Seit knapp drei Monaten ist Thomas de Maizière Verteidigungsminister. An diesem Mittwoch erlebt er die wohl schwersten Stunden seiner noch jungen Amtszeit. Um 7.34 Uhr deutscher Zeit explodieren im gefährlichsten Distrikt Nordafghanistans, 14 Kilometer vom deutschen Feldlager Kundus entfernt, zwei Sprengsätze. Drei gepanzerte Fahrzeuge einer deutschen Patrouille werden getroffen. Einer der Insassen, ein 33-jähriger Hauptmann, überlebt die Attacke nicht. Er ist der 49. Tote, den die Bundeswehr seit Beginn des Afghanistan-Einsatzes 2001 zu beklagen hat.
Es kommt nicht überraschend
De Maizière wusste, dass ein solcher schwarzer Tag früher oder später kommen würde. Bei seinem ersten Truppenbesuch in Afghanistan Ende März hatte er die Soldaten auf weitere Verluste eingestellt. "Das ist ein hoher Zoll, der zu bezahlen ist, aber er ist mit diesem Einsatz verbunden", sagte er damals.
Die Nachricht vom ersten Verlust der Bundeswehr in Afghanistan während seiner Amtszeit erreicht den Minister kurz vor einem wichtigen Termin im Verteidigungsausschuss. Dort will er die Abgeordneten des Bundestag erstmals ausführlich über seine Pläne für den Umbau der Bundeswehr informieren. Das Treffen ist von großer Bedeutung für de Maizière, der seine Reformpläne möglichst im Konsens mit der Opposition durchsetzen will.

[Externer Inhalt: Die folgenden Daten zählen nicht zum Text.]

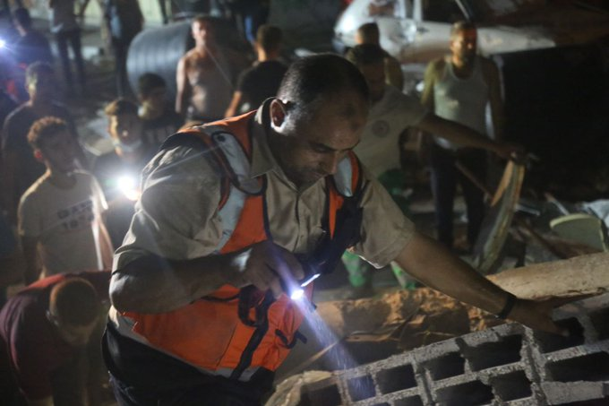 A video by Al-Jazeera Palestine showed “the first moments of medical teams dealing with the Israeli bombing of the Anbar family’s home tonight,” with emergency workers unloading numerous wounded people – including at least three children – at the entrance of a hospital.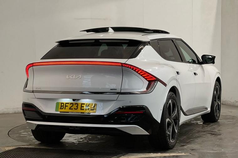 This 2023 Kia EV6 GT-Line S is a superb example, having had only one owner from new and boasting a clear vehicle history check. As an electric vehicle with Four Wheel Drive and a substantial 77 kWh battery, it offers an impressive maximum range of 300 miles, ensuring you can travel further on a single charge. Charging is convenient, taking approximately 12 hours and 30 minutes at home with a 7kW charger, while rapid public charging can take you from empty to 80% in just 20 minutes. This particular model comes with a wealth of notable features, including Remote Smart Park Assist with front and rear parking sensors, heated front seats, and a heated steering wheel for ultimate comfort. Stay connected and safe with Apple CarPlay with voice control and the Blind Spot View Monitor. The MOT is valid until May 2026. The Kia EV6 GT-Line S stands out with its exceptional performance, accelerating from 0-60mph in a swift 5.2 seconds, demonstrating its dynamic capabilities. This acceleration figure indicates a more responsive driving experience compared to many other vehicles in its class. Furthermore, the generous boot space provides ample room for all your luggage and shopping needs, making it a practical choice for families and individuals alike. The combination of its extensive electric range, rapid charging capabilities, and advanced technology makes this EV6 a compelling option for those seeking an efficient and well equipped electric car.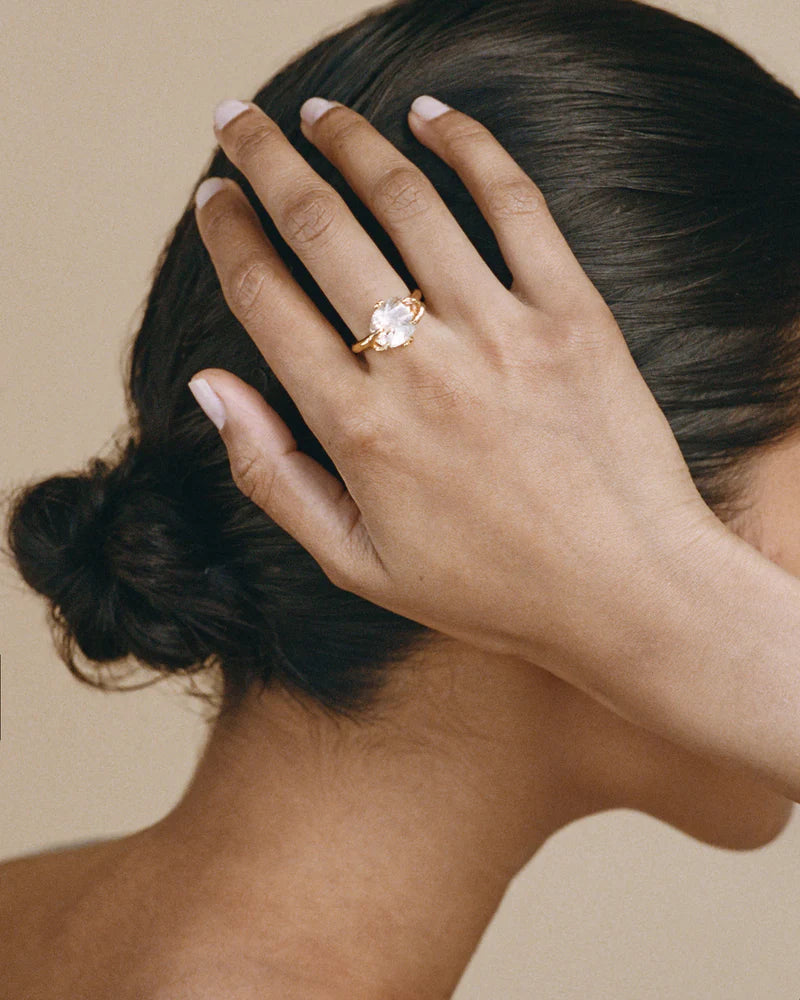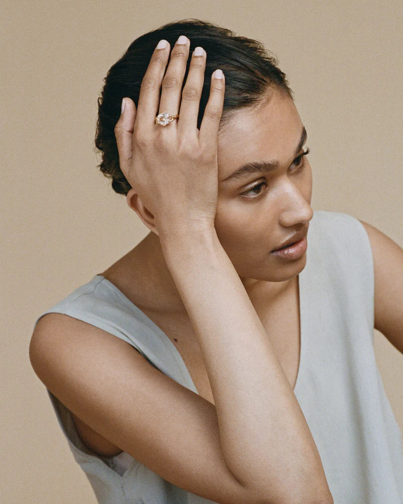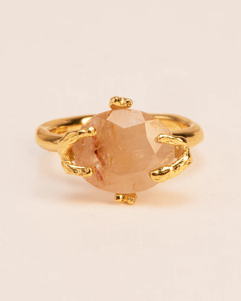 Schoonheid ligt in de kleine imperfecties. Het rutilated kwarts varieert in kleur, waardoor elke ring uniek is. De Voyages Naturalistes collectie probeert het steeds veranderlijke te vatten en om te zetten in een draagbare herinnering. Deze ring is met de hand gemaakt door onze goudsmeden in het Antwerpse atelier.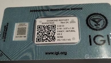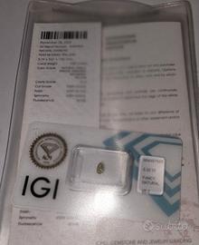 Diamante naturale a forma di pera modificato brillante, colore giallo, VS2, carati 0,22, 3 very good, venduto in blister confezione originale e con certificato IGI ( International Gemological Institute) controllato in laboratorio, spedizione veloce e sicura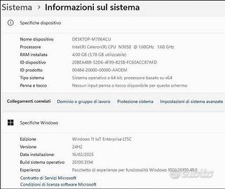 Appena ricondizionato da un tecnico informatico qualificato con pulizia interna e sostituzione pasta termica CPU/GPU,batteria NUOVA acquistata da Amazon,montaggio SSD nuovo da 128GB e installazione Windows 11 Enterprise 24H2(l'ultima versione)+Microsoft Office 2024 Professional Plus aggiornati ed attivati a vita.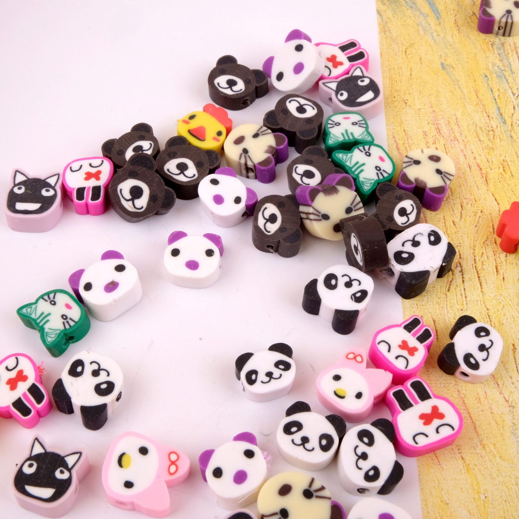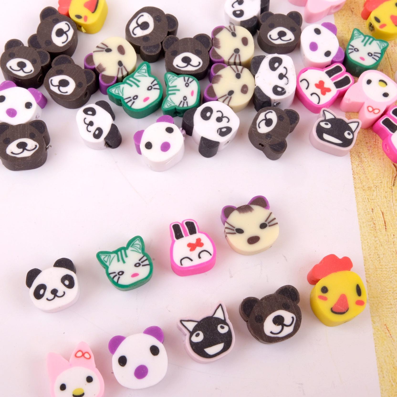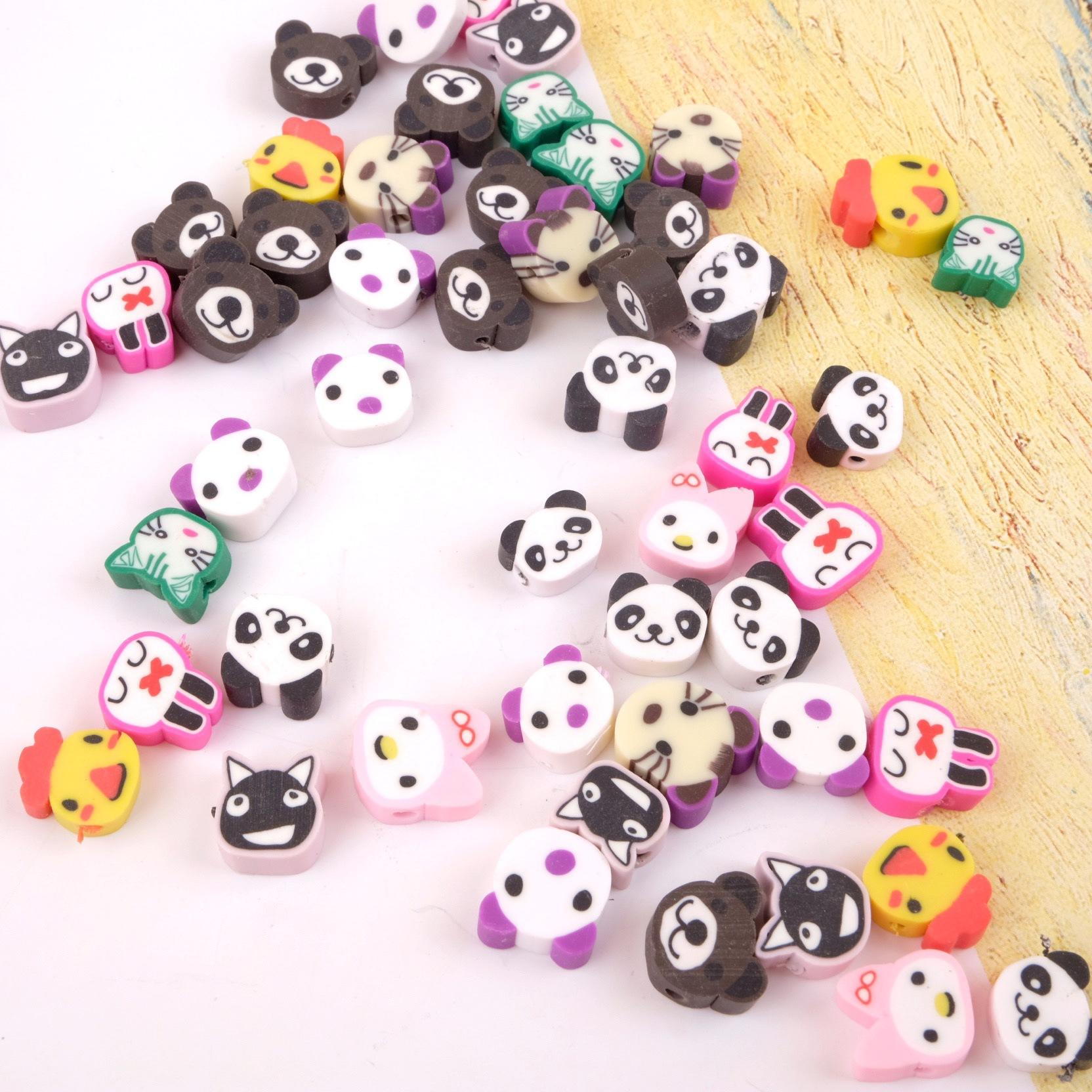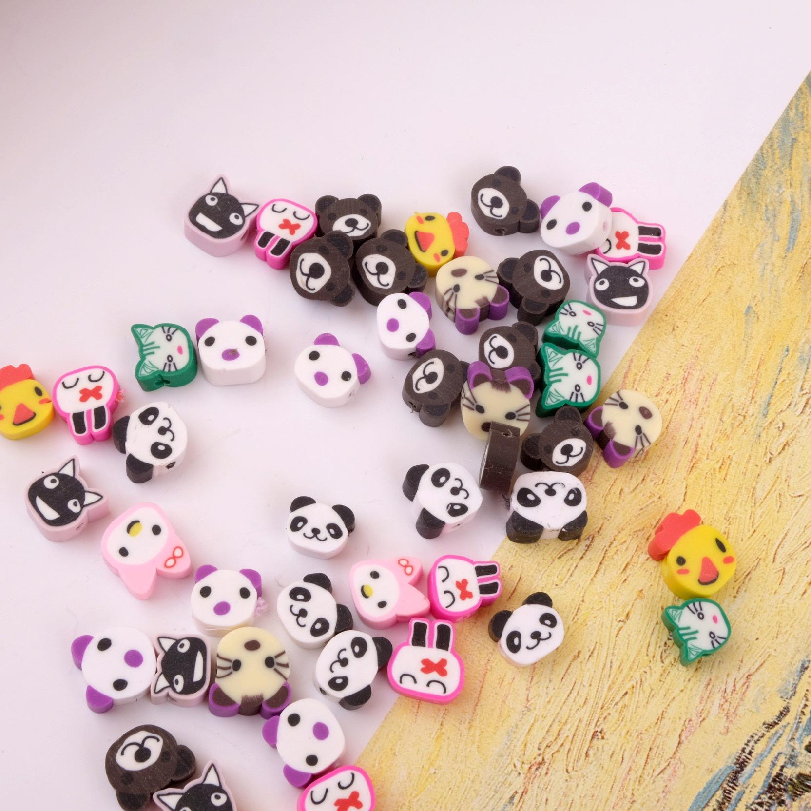 Collar de cuentas de cerámica suave con dibujos de animales pequeños, hecho a mano, vintage, cuentas sueltas de colores mezclados, joyería, material de bricolaje, estilo ins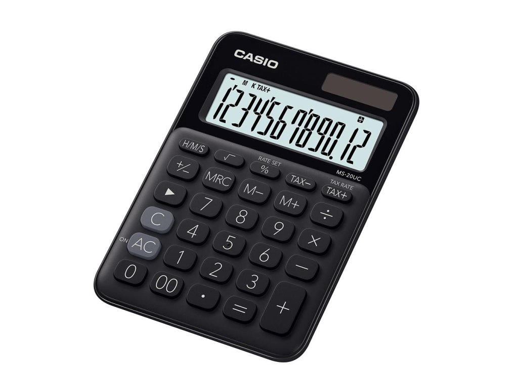 Kalkulačka Casio MS-20UC čierna + darček Batéria MAXELL zinkovo-mangánová AA (R6), 4 ks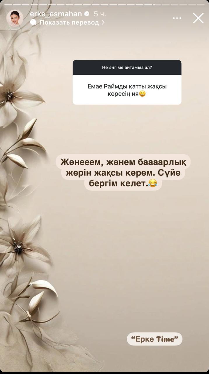-Жәнеем, жәнем баааарлық жерін жақсы көрем. Сүйе бергім келеді", деп қағыта, әзілмен жауап берді.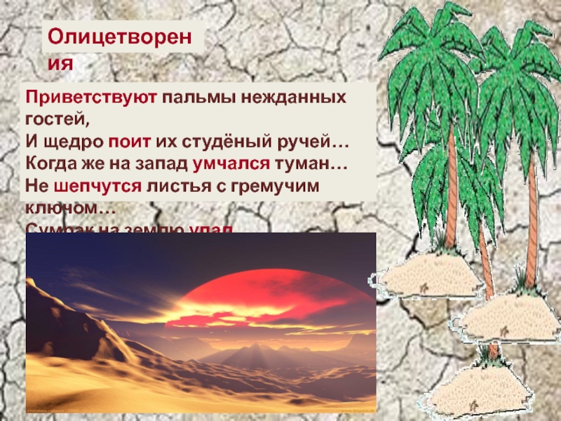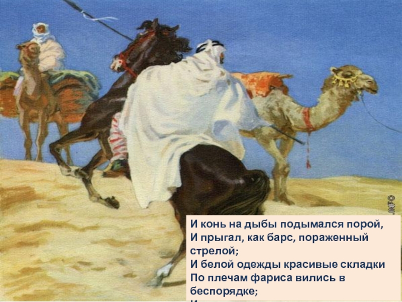 Слайд 8Вот к пальмам подходит, шумя, караван: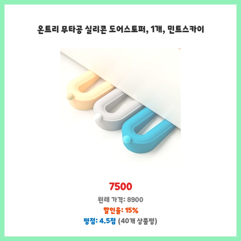 문 손잡이에 흠집 없이 문을 고정하고 싶어서 구매했습니다. 무타공이라 설치가 간편하고, 실리콘 소재라 문에 흠집이 나지 않아 좋습니다. 민트스카이 색상도 예뻐서 만족스럽습니다.

Die Nachricht aus Afghanistan relativiert aber zunächst einmal alles andere und lässt die große Bundeswehrreform zu einer Nebensächlichkeit zusammenschrumpfen. Am Nachmittag tritt de Maizière im Ministerium vor die Presse. Sein Gesicht ist wie versteinert, er redet langsam: "Dieser Anschlag berührt auch uns alle. Er trifft uns alle ins Herz."
Abzug vielleicht noch in diesem Jahr
Die Bundeswehrreform hatte Afghanistan, die zweite große Baustelle, die der frühere Verteidigungsminister Karl-Theodor zu Guttenberg (CSU) seinem Nachfolger de Maizière hinterlassen hatte, in den vergangenen Wochen etwas in den Hintergrund geraten lassen. Jetzt ist die Aufmerksamkeit auf einen Schlag wieder da. Im März hatte die internationale Schutztruppe Isaf mit der Übergabe der ersten Gebiete an die afghanischen Sicherheitskräfte begonnen. Im Juli wollen die USA - der mit Abstand größte Truppensteller - mit dem Abzug ihrer Soldaten beginnen. Deutschland will als drittgrößter Truppensteller möglichst noch in diesem Jahr nachziehen - wenn die Lage es zulässt.
Was diese Formulierung aus dem vom Bundestag im Januar beschlossenen Mandatstext bedeutet, kann aber niemand so genau sagen. Fest steht, dass die Bundeswehr und die Amerikaner im Norden Afghanistans im vergangenen Jahr einige Erfolge im Kampf mit den Taliban verbuchen konnten. In einer Offensive konnten einige Gebiete "freigekämpft" werden, darunter auch Char Darah, wo jetzt der Anschlag stattfand. Auch der Bundeswehr war aber klar, dass die Extremisten versuchen würden, in der aktuellen "Kampfsaison" ihren Einfluss in der Provinz Kundus wieder auszudehnen.
"Wir haben die richtige Strategie"
Den Aufständischen gelang es unter anderem, im März den Provinz-Polizeichef zu ermorden. Vor wenigen Wochen töteten sie einen prominenten Ex-Taliban-Kommandeur, der zur Regierung übergelaufen war. Dennoch gab es in den vergangenen Monaten keine komplexen Hinterhalte wie etwa am Karfreitag 2010 - damals starben drei deutsche Soldaten. Auch Anschläge mit Sprengfallen sind weniger geworden. All das lässt sich als Zeichen einer Schwächung der Taliban interpretieren.
De Maizière betont aber am Mittwoch, dass das Risiko "bitterer Rückschläge" auch in Zukunft bestehen werde. Beirren lassen will er sich trotzdem nicht. "Wir machen Fortschritte in Afghanistan. Wir haben die richtige Strategie, und diese Strategie werden wir auch weiter durchsetzen."
Zum Bibelwort "Und sie hinfort nicht mehr lernen, Krieg zu führen" (Jes 2,4) wird Verteidigungsminister de Maizière zusammen mit EKD-Ratsvorsitzendem Nikolaus Schneider einen Vortrag zum Thema "Wie ein Christ Friedensethik und Verteidigungspolitik zusammenbringt" auf dem Kirchentag halten.